- Theatrical release poster
- Directed by: Moses Inwang
- Screenplay by: Anthony Kehinde Joseph
- Story by: Ayo Makun
- Produced by: Darlington Abuda
- Starring: Ramsey Nouah Ayo Makun Jim Iyke Falz Ireti Doyle Damilola Adegbite Ufuoma McDermott Nancy Isime Linda Osifo
- Cinematography: Wesley Johnston
- Production companies: FilmOne Entertainment Gush Media
- Distributed by: FilmOne Distribution Netflix
- Release date: 2023;
- Country: Nigeria
- Languages: English Yoruba Pidgin

= Merry Men 3 =

2023 Nigeria action film

Merry Men 3: Nemesis is a 2023 crime action comedy film produced by Filmone Distribution and released on Netflix. Written by Jeffery Musa David, Ayo Makun, and Darlington Abuda, and directed by Moses Inwang, it serves as the third installment in the Merry Men franchise, following Merry Men and Merry Men 2. The film continues the story of the charismatic and affluent group known as the Merry Men, who use their skills, resources, and cunning to take on corrupt politicians and criminals.
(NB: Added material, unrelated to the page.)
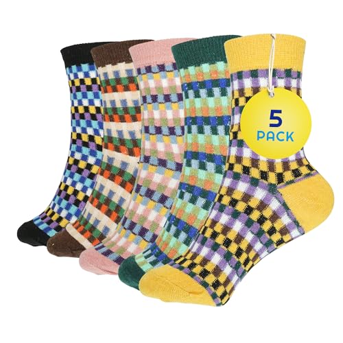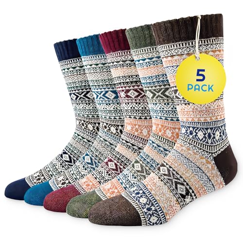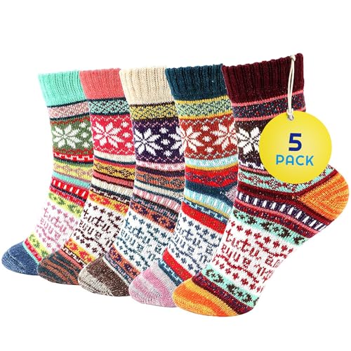 Sunny Socks 5 Pairs Ladies Thermal Socks in Bright - Cozy, Warm & Breathable Winter Socks for Women - Soft Cotton & Colorful Wool Nordic Design - Fluffy Stylish Bed Socks - Fits UK Size 3-7

Ayo Makun, Ramsey Nouah, Uchemba Williams, and Falz return to reprise their roles from the previous films.

== Plot ==
Merry Men 3: Nemesis picks up from where the second film (Merry Men 2: Another Mission) left off. In this installment, the Merry Men—Ayo Alesinloye (played by Ramsey Nouah), Naz Okigbo (played by Jim Iyke), Amaju Abioritsegbemi (played by Ayo Makun), and Remi Martins (played by Falz)—are faced with their most dangerous challenge yet.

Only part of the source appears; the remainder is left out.